Before processing the PCA with LDA, a certain necessary action is taken. In addition, we must also ensure that the desired feature vector must be normalized one with zero mean and unit variance. This particular step must be followed so that an optimal feasible solution for the feature vector can be suggested. All the eigenvalues are arranged according to their decreasing values and the normalized cumulative sum of variance (NCSV) should also be reported in that phase.

$\operatorname{NCSV}(i)=\frac{\sum_{u=1}^{\alpha} \alpha(u)}{\sum_{u=1}^{D} \alpha(u)} 1 \leq i \leq D$       (11)

The eigenvalues of the images are denoted by α(u) and the respective dimension of the feature set is represented by D. In order to make the subsequent step successful, certain threshold values are maintained manually so that the desired relevant reduced feature vectors with suitable dimensions are considered to achieve high recognition accuracy for handwritten characters and numerals, which are termed as the basic vectors.

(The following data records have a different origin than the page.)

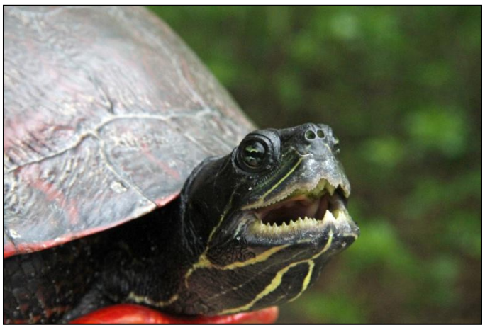
Above: Note the strongly cusped jaws of this adult female Northern Redbellied Cooter.

In some instances, herbicide use in ponds to decrease pond vegetation and the infiltration of herbicides from adjacent cranberry bogs is believed to have altered the Red-bellied Cooter's food source and exposed it to chemical contamination. These impacts combined with the species' late maturation age and low rate of reproduction (less than one-third of females reproduce yearly) have made it difficult for the Red-bellied Cooter to thrive. Hatchling mortality is very high for this species, with intense predation on the eggs by skunks and raccoons (which increased in population size as residential areas increased) destroying as many as half of the Red-bellied Cooter's existing nests. Bullfrogs, water snakes, wading birds, and predatory fish such as pickerel and bass feed on hatchling turtles.
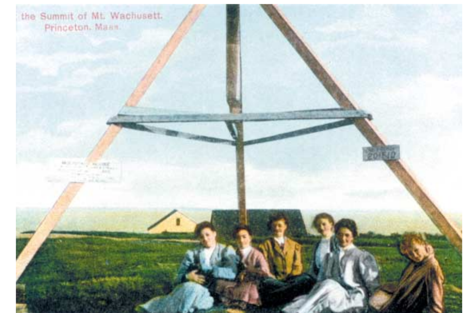
A GROUP OF WOMAN ON HOLIDAY ENJOY NATURE AT THE SUMMIT

Excursions to the summit evolved into week-long vacations as lodging and attractions developed on the rocky crown, and roads were improved.
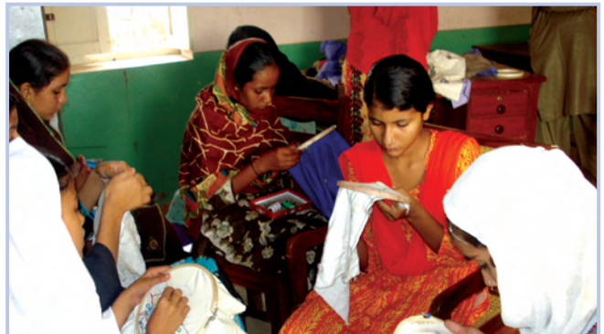
Local women preparing handicrafts in a vocational centre, established with support by the Programme

The Programme has also embarked upon initiatives of providing skill development techniques to women through vocational centres. In this connection, two vocational centres in Keti Bunder and Keenjhar Lake area have been established.
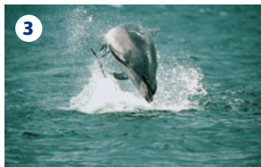
3 GAIRLOCH MARINE LIFE CENTRE & 'SAIL GAIRLOCH' CRUISES – Wildlife cruises where you may see Minke whales, dolphins, porpoise and seals. Wildlife visitor centre.
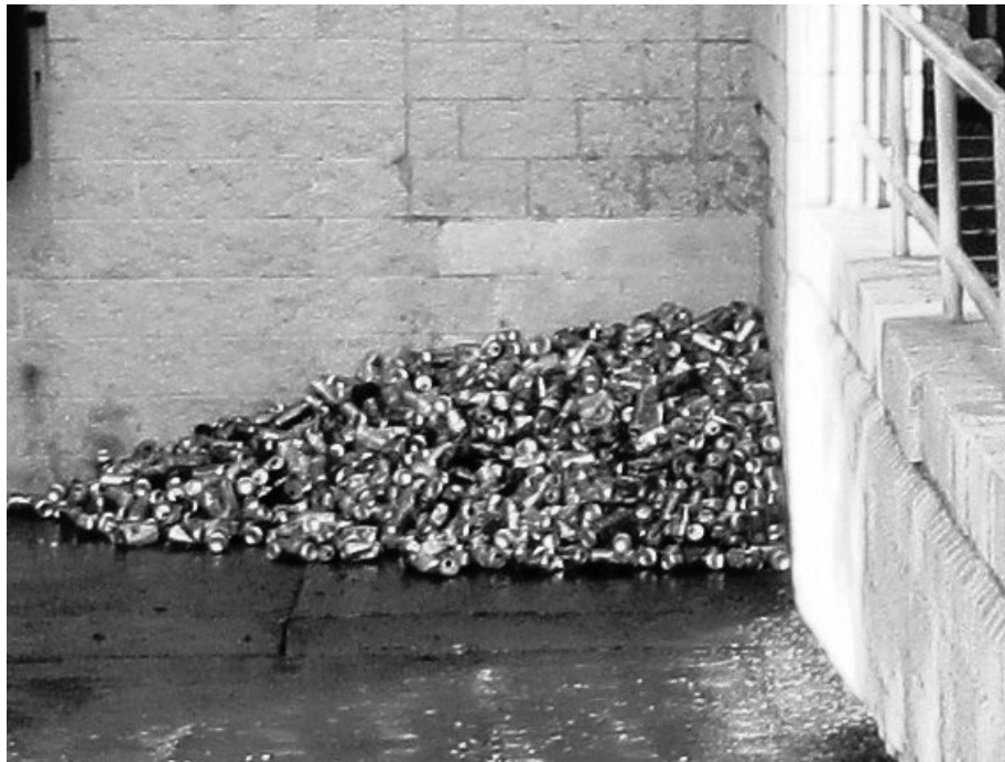
Figure 6. The volume of cans was the lasting visible evidence of the volume of water shed.

This project can be perceived as a teaching module or an environmental art project. As the former, it provided a quantitative demonstration (Fig. 6) of a process that occurs at much larger scales throughout our landscape. As the latter, it gained a larger and receptive audience. The paint lasted for nearly two weeks in the parking lot and, therefore, could continue to generate discussion after the event was over. It serves as an example of the spatial thinking that must be applied to landscape problems as well as a small step towards making this kind of thinking more accessible to the general population.

All the essential steps are discussed below in Algorithm II.

Algorithm. II: Feature reduction using PCA+LDA.

Require: Feature matrix: FM of size N*D

Ensure: Reduced feature matrix: Fr of size N*L

Functions PCA () and LDA () reduce the dimensions by using PCA and LDA, respectively.

1: Choose a dimension M $\triangleleft$ Reduced dimension using the PCA

2: F’(N *M) PCA(FM; M)

3: Select a dimension L using the NCSV measure $\triangleleft$ Reduced dimension using the LDA

4: Fr(N * L) LDA(F’;L)

5: Output the reduced matrix Fr

3.5 Classification by the LS-SVM, RF classifiers

In the OCR system, the classification stage [44] is considered the most important stage in a model. It defines the robustness of the proposed model with respect to the variation in the datasets. For the classification analysis, the proposed model have employed the support vector machine (LS-SVM) and random forest (RF) as classifiers. Subsequently, the obtained basic feature sets of datasets are processed as input parameters along with the class levels of the above- mentioned two classifiers one by one. All the extracted key feature data were processed through classification implemented by using LS-SVM classifier [37] and followed by the RF classifier [38]. This process is not that much effective in the case of larger datasets, and sometime leads to complex networks, so for removing this drawback LS-SVM is used in this paper. It has been observed that LS-SVM exhibits more incremental responses as compared to the traditional ones in terms of the addition of some equality constraints. Generally, an optimization analysis is applied for solving the linier solution to the problem domain. The performance of the LS-SVM classifier can be expressed as follows:

$\min _{c, d, e_{r}} j\left(c, d, e_{r}\right)=\frac{1}{2} c^{T} c+D \frac{1}{2} \sum_{i=1}^{N} e_{r_{i}}^{2}$       (12)

With some constraints as

$Z_{i}\left[c^{T} \phi(p i)+d\right]=1-e_{r}, i=1,2,3, \ldots, N$         (13)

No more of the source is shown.